This says that requirements.txt depends on requirements.in and the commands below the "target" line are the commands to run whenever requirements.txt is older than requirements.in and we run Make.

Now, if I run make requirements.txt it will run the commands below the "target" line. In this case, it will run pip-compile to generate requirements.txt from requirements.in.

The next dependency is between requirements.txt and our virtual environment. We want to make sure that our virtual environment is up to date with the packages in requirements.txt. We can do this by specifying a dependency between requirements.txt and the virtual environment. To do this, we need a way to track if our virtual environment has changed. This is a tiny bit of a hack, but what I do is create what is known as a touchfile within my virtual environment folder (.venv). It is a trick I picked up from a Stack Overflow post many moons ago. The touchfile is a file that has its modification time updated whenever the virtual environment is updated. My Make recipe checks the modification time of the touchfile and if it is older than requirements.txt then it will run the commands below the "target" line. In this case, it will run pip-sync to update the virtual environment with the packages in requirements.txt.

Here is the recipe:

.venv/touchfile: requirements.txt
	$(VENV); pip-sync
	touch .venv/touchfile

This says that .venv/touchfile is a target that depends on requirements.txt. If requirements.txt changes, then we run pip-sync to update the virtual environment and mark it as up-to-date by "touching" the touchfile. (In Unix, the touch command updates the timestamp of a file, or creates it if it doesn't exist.)

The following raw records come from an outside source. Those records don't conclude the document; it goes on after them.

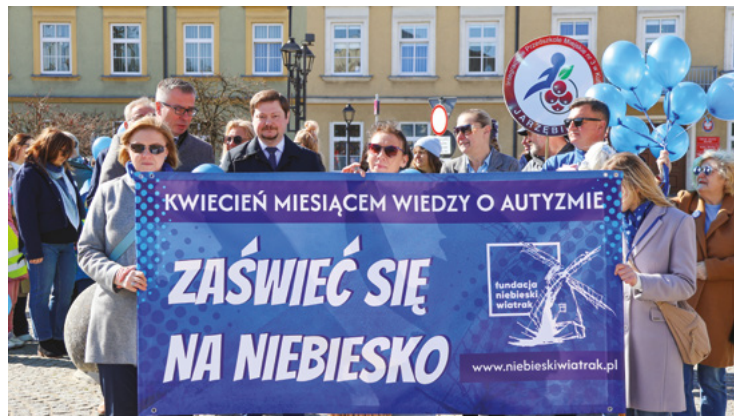
Przez Kutno przeszedł „Marsz na Niebiesko”, inaugurujący obchody Światowego Miesiąca Wiedzy na temat Autyzmu.
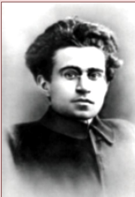
Αντόνιο Γκράμσι (Antonio Gramsci, 1891-1937)
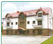
eFi ApartHotel, Horní Lipová, Lipová lázně
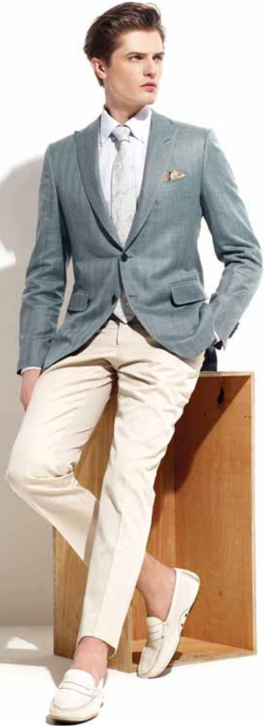
Loro Piana Giacche N623007 Yün İpek Keten
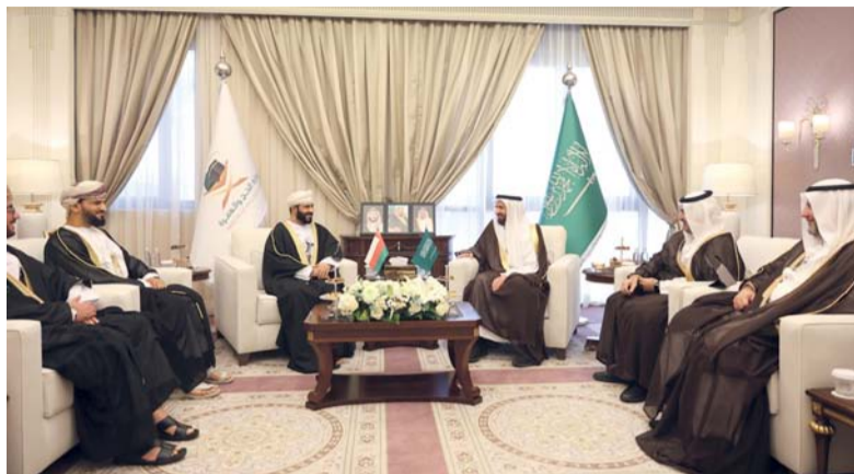
■ الاتفاقية تضمنت التأكيد على حصة سلطنة عُمان البالغ عددها ١٤ ألف حاج

الدولي بالمدينة المنورة، أما القدوم والمغادرة برأ فعبّر منفذ الربع الخالي ومنفذ البطحاء. وأكدت الاتفاقية على أهمية التقيد بجميع التعليمات العامة المنظمة لشؤون الحج بالملكة والتعليمات الواردة في وثيقة التعليمات المنظمة لشؤون الحج عبر منصة نسك مسار، مع التأكيد على استيفاء متطلبات السفر من جميع الحجج وفق المسارات الزمنية المحددة، والتأكيد على حزم الخدمات المتاحة من الجهات المختصة في المملكة ومستوياتها وتكاليفها. وحثت الاتفاقية أيضاً على مختلف التفاصيل المتعلقة بمكتب شؤون الحج، والإستراتيجيات الأمنية، وتفاصيل أعداد الحجج، والقدوم والمغادرة، وتفاصيل بيانات الاتصال والتواصل.
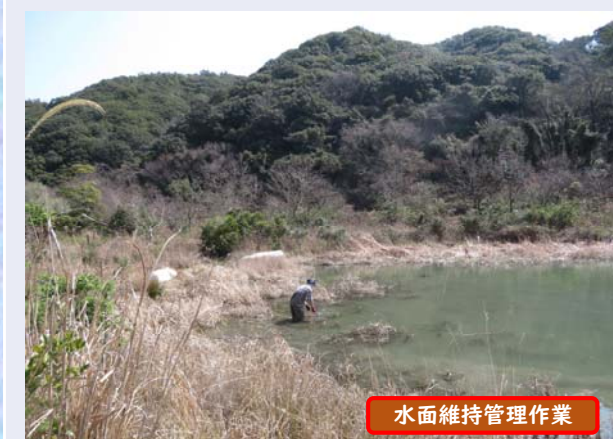
水面維持管理作業
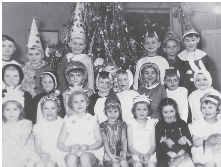
Илл. 4. Космонавты среди других традиционных «масок» карнавала в советском детском саду. В руках у девочек в правом нижнем углу – новогодние подарки с изображением ракеты.
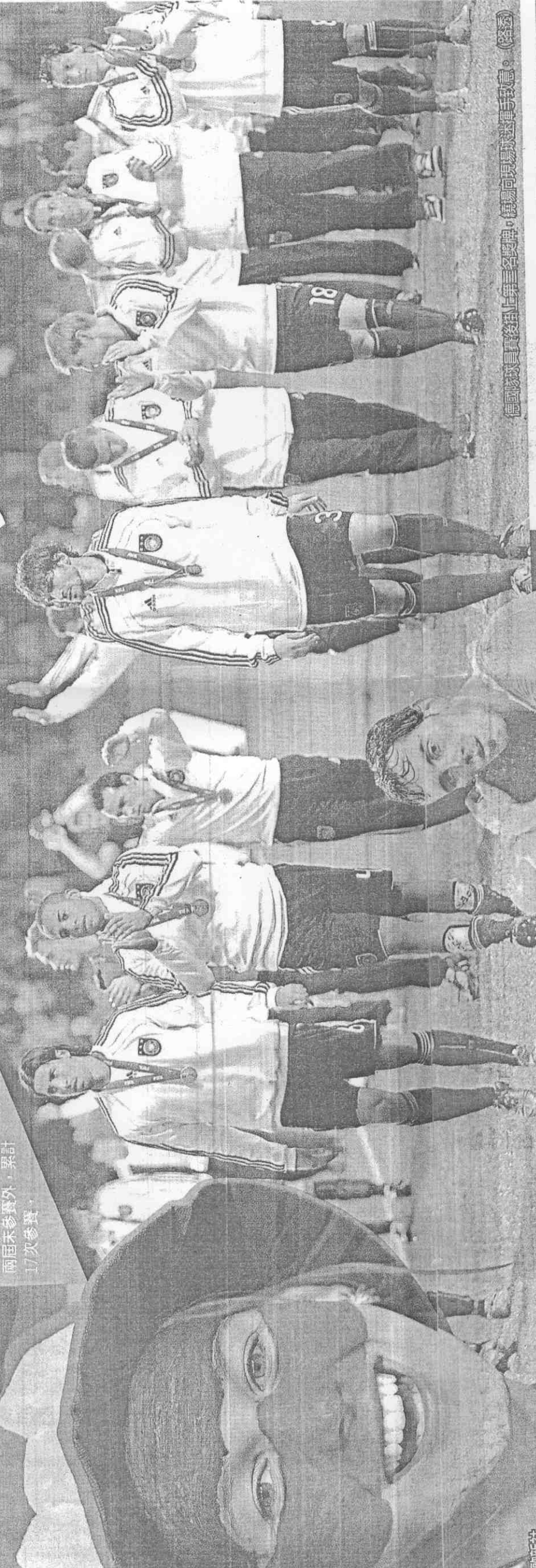
德國球員賽後登上第三名獎牌，隔場向現場球迷揮手致意。

Great! Now we can run make .venv/touchfile to update the virtual environment. But, again, note that we have these two commands to run whenever we want to update the virtual environment: make requirements.txt and make .venv/touchfile. We can combine these into a single command by making a final target that depends venv/touchfile.

venv: .venv/touchfile
 
.venv/touchfile: requirements.txt
	$(VENV); pip-sync
	touch .venv/touchfile
 
requirements.txt: requirements.in
	$(VENV); pip-compile requirements.in

Quick recap:

1. venv is a target that depends on .venv/touchfile
2. .venv/touchfile is a target that depends on requirements.txt
3. requirements.txt is a target that depends on requirements.in

Now, we simply run make venv and Make will figure out the rest. If requirements.in changes, Make will rebuild requirements.txt and sync the virtual environment. If requirements.txt changes, Make will sync the virtual environment.

And finally, to top it all off, we can make venv the default target, so that we can simply run make to sync the virtual environment. To do this, we simply have venv as the first target in the Makefile. And guess what, it already is!

Now, whenever we change our project dependencies we just run make and we're good to go. Make will figure out what needs to be done and do it for us.

But it doesn't stop there

Make is the gift that keeps on giving. The above commands are really the most basic starting point. We can take it so much further. For example, let's say I have a Python project where I fetch the latest claims data from a server folder and process it into a triangle for reserving purposes. I can create a Makefile that will do all of the following:

• Fetch the latest data from the server
• Process the data into a triangle
• Run unit tests on the triangle

Here it is:

VENV := source .venv/bin/activate
 
SERVER_FOLDER := /path/to/server/folder
 
RAW_DIR := "data/raw"
PROCESSED_DIR := "data/processed"
 
folders:
	mkdir -p $(RAW_DIR) $(PROCESSED_DIR)
 
sync: folders
	@echo ">>> Transferring received data from network drive to local"
	@echo ">>> This may take a while..."
	rsync -az --progress --update "$(SERVER_FOLDER)" "$(RAW_DIR)"
	@echo ">>> Data successfully synced"
 
unzip: sync
	find $(RAW_DIR) -type f -name "*.xz" -exec xz -d -f -k {} \;
 
triangulate: unzip
	@echo ">>> Cleaning data"
	$(VENV); python src/data/clean.py --input_dir $(RAW_DIR) --output_dir $(PROCESSED_DIR)
	@echo ">>> Triangulating data"
	$(VENV); python src/data/triangulate.py --input_dir $(PROCESSED_DIR) --output_dir $(PROCESSED_DIR)
 
data: triangulate
	@echo ">>> Testing data"
	$(VENV); python src/data/test.py

The Makefile above will:

1. Make the data folders if they don't exist
2. Sync the data from the source on the server to the local data folders
3. Unzip the data
4. Clean the data and triangulate the data using Python scripts
5. Unit test the data using Python scripts to ensure the data is valid

All with one command: make data.

data depends on triangulate which depends on unzip which depends on sync which depends on folders. Only the data target is needed to be run, and the rest will be run automatically and in the correct order without re-running targets that have already been run and are up to date.

make conclusion

Make is one of the tools I use the most in my day to day work. It just makes things so much easier. I have recipes strewn all over my PC that I sample from all the time. I sync data, build software, generate reports, deploy this blog, and much more with it. Once you have built the recipes it is a major time saver.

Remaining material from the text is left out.